Nonpolar side chains readily block the access of water to CO groups in an alanine-based helix. This effect is easily demonstrated by model building, using a standard helical conformation with preferred side-chain rotamers of Leu, Ile, and Val at a central position of an alanine-based helix. The changes in water-accessible surface area of the peptide backbone are computed by using a standard program and are shown in Fig. 3. Side-chain shielding of the interaction between water and the peptide backbone is specific: it occurs at i and/or i−4 positions, depending on the specific rotamer and side-chain types. Summarized in simple terms, as shown schematically in Fig. 3, Ile and Val each can desolvate two helical peptide CO groups at the i and i−4 positions; Leu desolvates one, either at i−4 in the g+ rotamer or at i in the t rotamer, whereas none is desolvated by Ala or Gly, and Gly markedly increases the access of water to peptide groups at i and i−4 and, to a lesser extent, at i−3 and i+1. Side-chain shielding of helix polar groups has been observed earlier, both in modeling the helices of myoglobin (16) and experimentally in analyzing structures of T4 lysozyme mutants (17).

Figure 3.

Figure 3

Difference in solvent-accessible surface area of peptide main-chain atoms, ΔΔASA versus amino acid position in the sequence.

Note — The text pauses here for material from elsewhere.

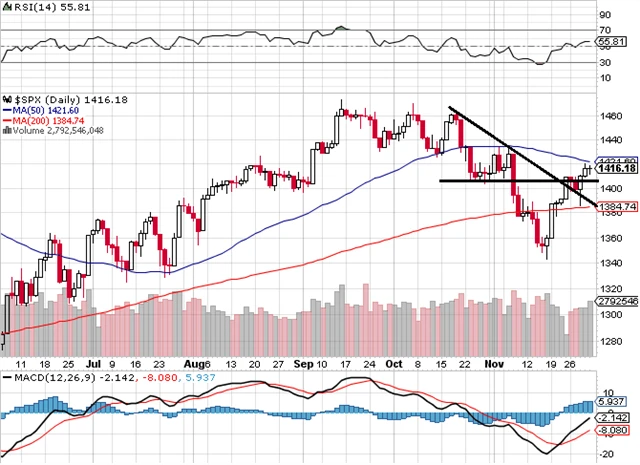 Závěr: Index S&P 500 dokázal listopad uzavřít v mírném plusu, i když v polovině měsíce byl -4,7 %. Nejbližší rezistence jsou na 50denním klouzavém průměru (1 423) a na 1 430 bodech (listopadová maxima). Na spodní straně jsou určující ceny 1 385 (minimum z minulého týdne a 200denní klouzavý průměr) a 1 380 bodů, která začátkem listopadu zafungovala jako support.

The difference is taken from ΔΔASAX = ΔASAX − ΔASAA, where ΔASAX is the change in solvent-accessible surface area of peptide main-chain atoms, for a peptide with X = Leu, Ile, Val, or Gly in the middle of a polyalanine α-helix, on helix formation; ΔASAA is the reference with X = Ala. Relative to an all-alanine helix, one peptide group in a leucine-containing helix is desolvated by a leucine side chain at either i or i−4 in the trans (or t) or gauche plus (or g+) conformation, whereas two peptide groups at both i and i−4 are desolvated by Ile and Val with β-branched side chains. These results also are shown schematically: the side chain is represented by an umbrella that points upward in t and tilts toward the N terminus in g+. The desolvated peptide group is shaded because a nearby side chain (umbrella) blocks its access to water, whereas the solvated group is unshaded.

The Polar Interaction Between Water and the Peptide Group Is Enthalpic.

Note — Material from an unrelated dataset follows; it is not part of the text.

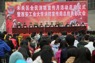 11月9日下午的未央校区经纬广场,彩旗飘舞、人头攒动,未央区所属8个街道办和8个重点防火单位代表,西安工大1000余名师生,未央区政府、西安市公安局文保支队、西安市公安消防支队、西安工大相关领导共同参加了本次活动。

To obtain the polar interaction between water and the peptide group, we analyze model compound data by a procedure similar to the one used by Honig and coworkers (18). Their aim was to represent the polar interactions of numerous compounds by using a suitable set of partial charges. Our aim is to find out whether different amides, used as models for the peptide group, give essentially the same value for the polar interaction of the amide group with water, and then to find out whether the polar interaction is enthalpic by comparison with calorimetric data.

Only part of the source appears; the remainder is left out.